What happens when a robotics expert and a sixth-generation farmer decide to start a company together? They spend most of their time grappling with one looming problem: climate change.
In 2020, Gilwoo Lee, the robotics expert, and Casey Call, the farmer, founded Zordi, an agricultural platform that blends AI and robotics with greenhouse growing. A recent graduate of the University of Washington, Lee was stuck at home during the wildfires. “That was just a very strong signal of climate change happening. I was already committed to starting my own company with something where my robotics and AI can make a big difference when it comes to impact,” Lee said.
Call, who is the head grower and an agronomist at Zordi, says he’d seen the impact of sustainability on his family’s 12,000 acres of farmland in western New York, where they grow peas, beans, corn, carrots, soy, and potatoes. “My whole life, it’s been overwhelmingly convincing that agriculture needs to get more efficient,” Call said.
Zordi, an ag startup backed by Khosla Ventures that just came out of stealth mode, leverages robotics, AI, and conventional farming wisdom to grow strawberries in greenhouses in the Northeast. Under human supervision, robots do everything from plant to harvest a unique variety of strawberries imported from Japan and Korea. The company uses AI and machine learning to monitor the growing process and control the environment inside the greenhouses. They also use robots to harvest the ripe fruit.
Lee says that quality strawberries are complicated to grow, so the market is relatively lucrative. She also said that she chose strawberries because they require particular growing climates and because they’re delicate when they’re harvested.
“If we’re able to do this and actually get them successfully delivered to the stores, then we’re pretty confident that you can extend the harvesting tools to other crops,” Lee said. “I think controlled environment agriculture or greenhouses, for us, is a very good way to feed the world with sustainably grown local fresh produce, and that was the mission that I wanted to see happen,” she continued.
AI applications in sustainable farming
While most people don’t immediately think of artificial intelligence and machine learning when thinking about sustainable agriculture, the industry is brimming with advanced technology thanks to the need to understand vast amounts of information about everything from the microclimate to the soil pH.

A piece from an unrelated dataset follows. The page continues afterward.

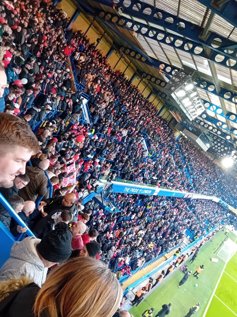 It was cold but sunny with little wind as the visitors kicked-off. From the start, the men in the red shirts did exactly what their Manager had predicted they would: kept a good shape; pressed the very strong team in the blue strip and played quite effectively on the break. Chelsea – perhaps a bit complacent or expecting a walk in the park – were sloppy and made a lot of mistakes. But the referee helped them by ignoring the fact that the ball had clearly run out of play on at least two occasions and allowing them to continue; giving them a corner when the last touch clearly came off a Chelsea player and then awarding them free-kicks when the fouls – some of them really quite bad – were obviously committed by the so-called superstars. Maybe he was star-struck himself…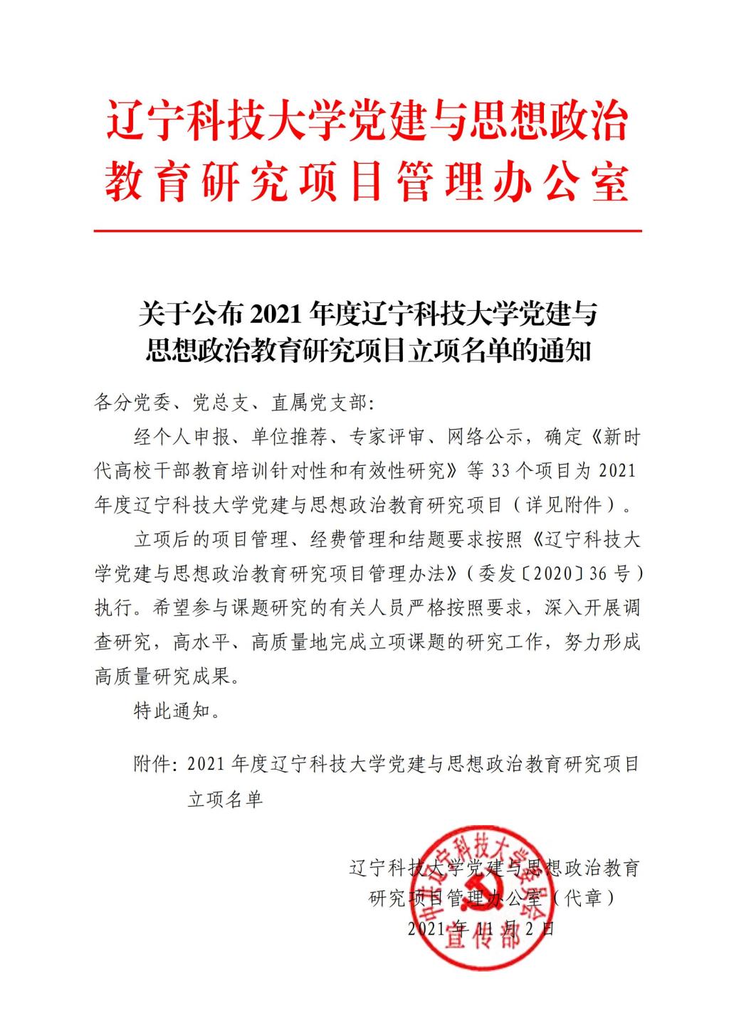 关于公布2021年度荣耀体育app最新版下载党建与思想政治教育研究项目立项名单的通知

“A lot of farmers have dashboards for all sorts of information that they get from satellites, on weather, on the sensors,” Vonnie Estes, the vice president of innovation at the International Fresh Produce Association (IFPA), says, pointing out that the massive glut of information is not standardized across agriculture. “If you told us 30 years ago that that’s what we’re going to be complaining about, that would just be nuts,” she said. “This is an interesting problem we find ourselves in, and so that in itself is an area that I think AI is going to have a big impact on.”
There’s no question that profit margins have begun to shrink for farmers all over the country thanks to inflation, climate change, higher production and labor costs, and more. As a result, farmers are turning to advanced technology like AI and machine learning (ML) to find ways to both improve yields and become more sustainable throughout the entire crop lifecycle. Estes says that until the advent of AI, parsing and using that data was nearly impossible.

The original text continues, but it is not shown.